_Work instruction_: Apart from the pictures, print the data below exactly as given.

============================================================

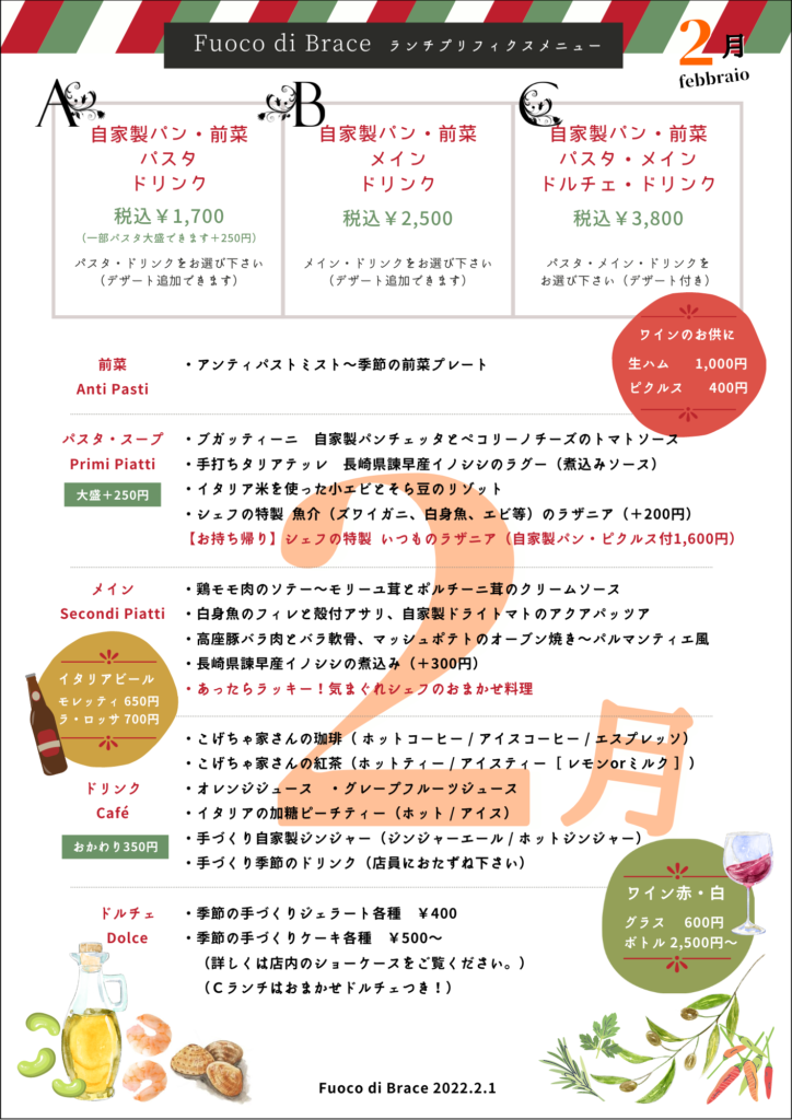 今月は、ご好評いただいている自家製ラザニアの魚介バージョンが登場!
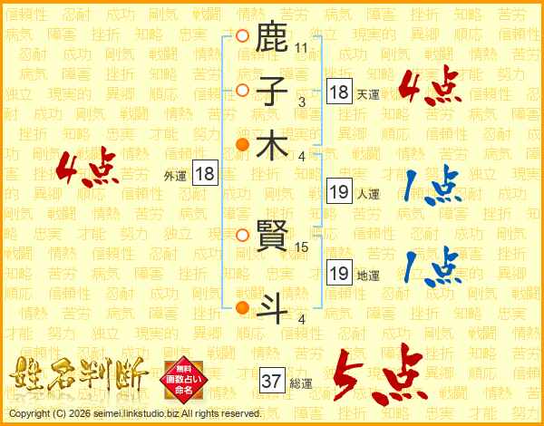 鹿(11画)子(3画)木(4画) 賢(15画)斗(4画)
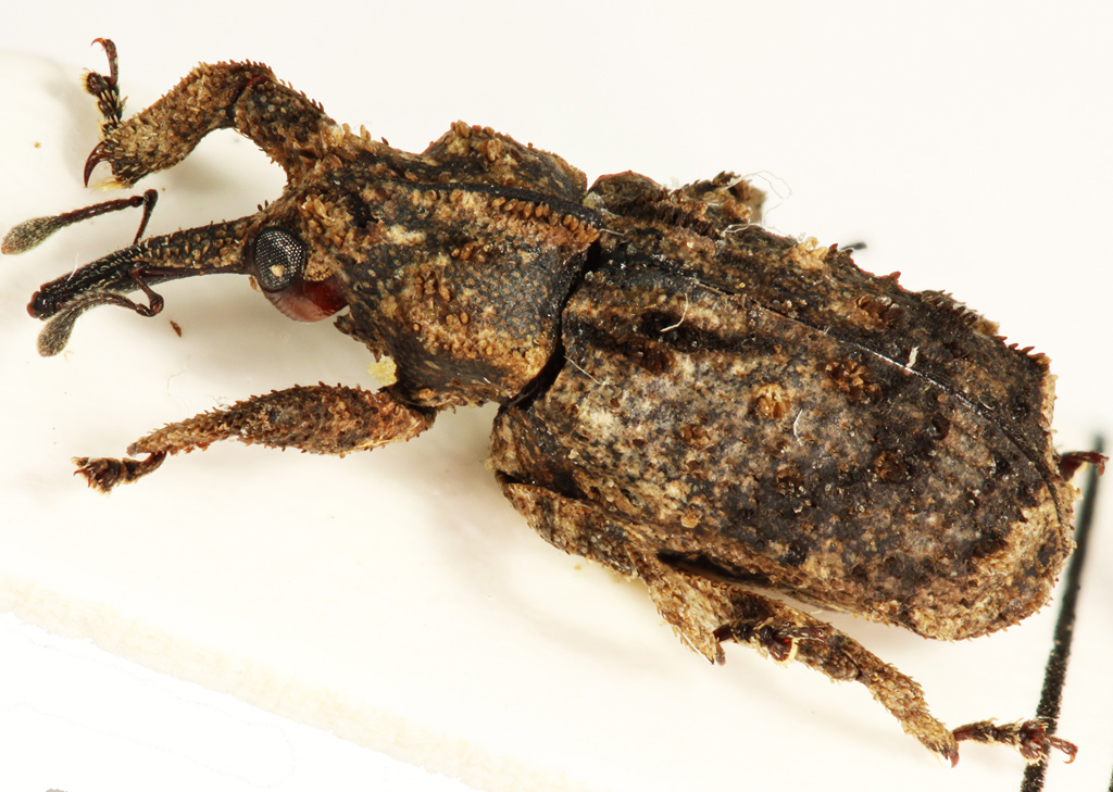 Stamattina casualmente ho trovato, in una tasca segreta ( :lol: ) della borsa che avevo in Gabon, una provetta con dieci curculionidi raccolti da Jean-Philippe Roguet a Mondah. Dopo tre mesi avvolti in carta assorbente con due gocce di etere, esemplari facilissimi da preparare. Ben tre appartengono a questa specie, purtroppo ancora senza nome.
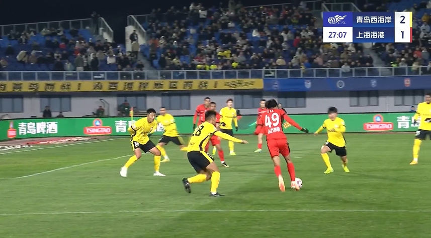 上半場(chǎng)比賽結(jié)束,上海海港客場(chǎng)暫時(shí)1-3落后青島西海岸。
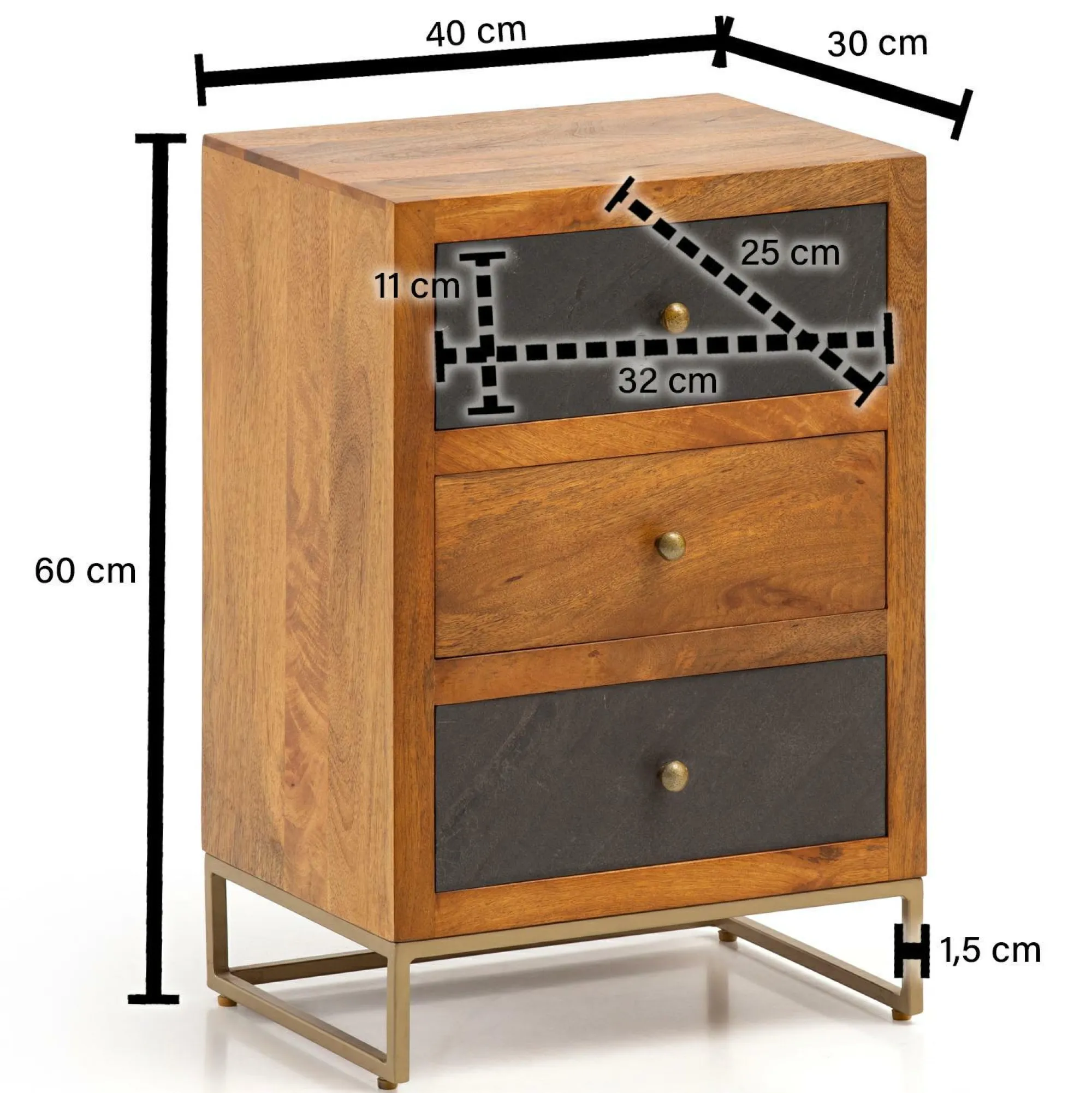 · Abmessungen – Innenabmessungen je Schublade (BxHxT): 32 x 11 x 25 cm, Tischplattenstärke: ca. 1 cm.
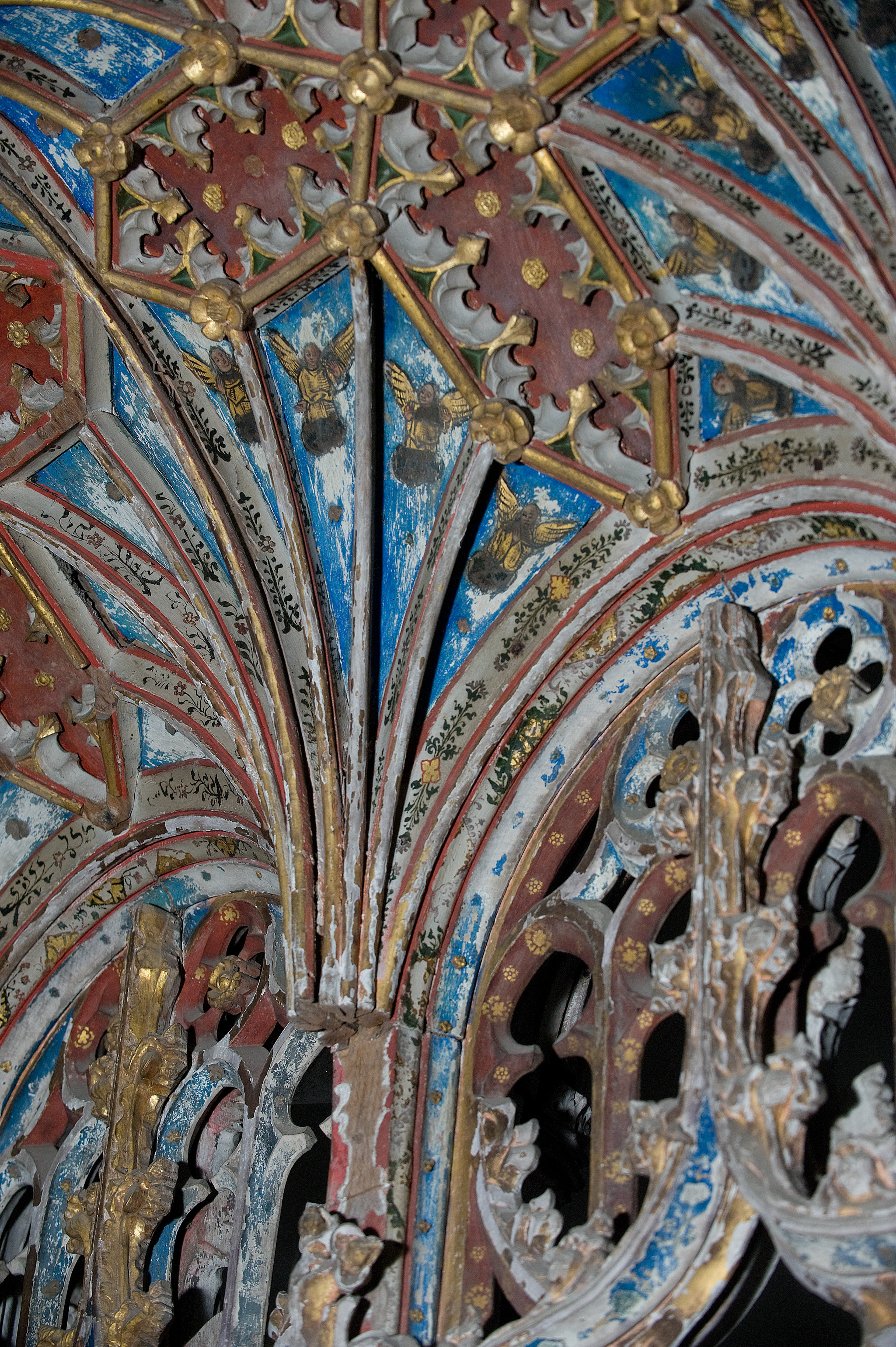 The rood screen and detail at the church of St Andrew, Bramfield, Suffolk. The surviving screens show Matthew, Mark, Luke and John, and St Mary Magdalene.

============================================================

_Response to the task_:
 今月は、ご好評いただいている自家製ラザニアの魚介バージョンが登場!
 鹿(11画)子(3画)木(4画) 賢(15画)斗(4画)
 Stamattina casualmente ho trovato, in una tasca segreta ( :lol: ) della borsa che avevo in Gabon, una provetta con dieci curculionidi raccolti da Jean-Philippe Roguet a Mondah. Dopo tre mesi avvolti in carta assorbente con due gocce di etere, esemplari facilissimi da preparare. Ben tre appartengono a questa specie, purtroppo ancora senza nome.
 上半場(chǎng)比賽結(jié)束,上海海港客場(chǎng)暫時(shí)1-3落后青島西海岸。
 · Abmessungen – Innenabmessungen je Schublade (BxHxT): 32 x 11 x 25 cm, Tischplattenstärke: ca. 1 cm.
 The rood screen and detail at the church of St Andrew, Bramfield, Suffolk. The surviving screens show Matthew, Mark, Luke and John, and St Mary Magdalene.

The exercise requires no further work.